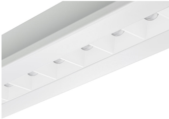
TrueBlend Recessed Mini cups- White optics DPP
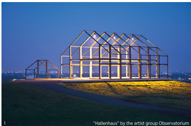
"Hallenhaus" by the artist group Observatorium
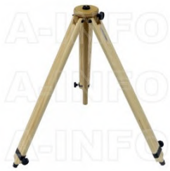
3033HL Wooden Tripod
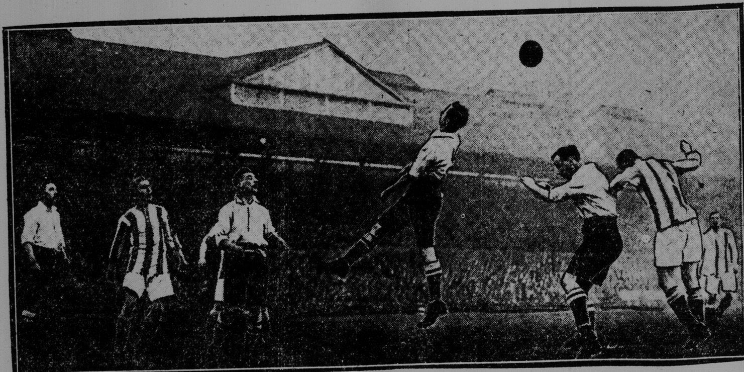
An unusual snapshot of an exciting moment in the second cup tie game between Corinthians (in white shirts) and Brighton and Hove. It was found necessary to play three games and Corinthians were finally beaten.
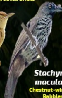
Stachyris maculate Chestnut-winged Babbler
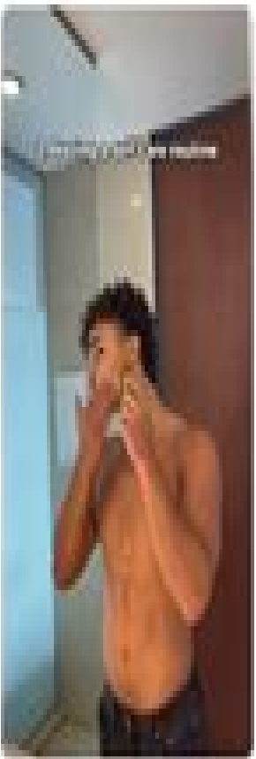
5 Habits to Improve Your Life 6.6M views
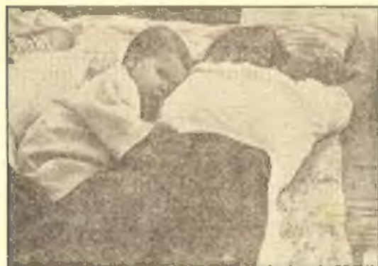
Awake before mother, on the Arena lawn. Victims of the Hierarchy-engineered boycott.
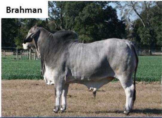
UF UNIVERSITY OF FLORIDA Bull Test ID 983 2011 Florida Bull Test UF UNIVERSITY OF FLORIDA
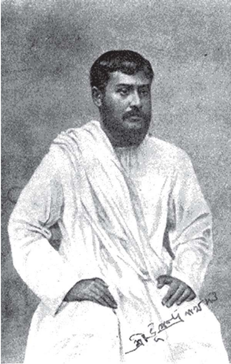
Bhupendranath Datta (1880–1961)
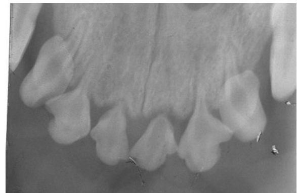
Radiograph of this same patient showing severe hypoplasia of the roots of the maxillary incisors. All teeth were affected to some degree and most required extraction.

**Work request:** Reproduce, exactly and only, the lines of the records above starting at the line with "Stachyris maculate Chestnut-winged Babbler" and ending at the line with "Awake before mother, on", both included. Leave every picture out.

**Result of this exercise:**
Stachyris maculate Chestnut-winged Babbler
5 Habits to Improve Your Life 6.6M views
Awake before mother, on the Arena lawn. Victims of the Hierarchy-engineered boycott.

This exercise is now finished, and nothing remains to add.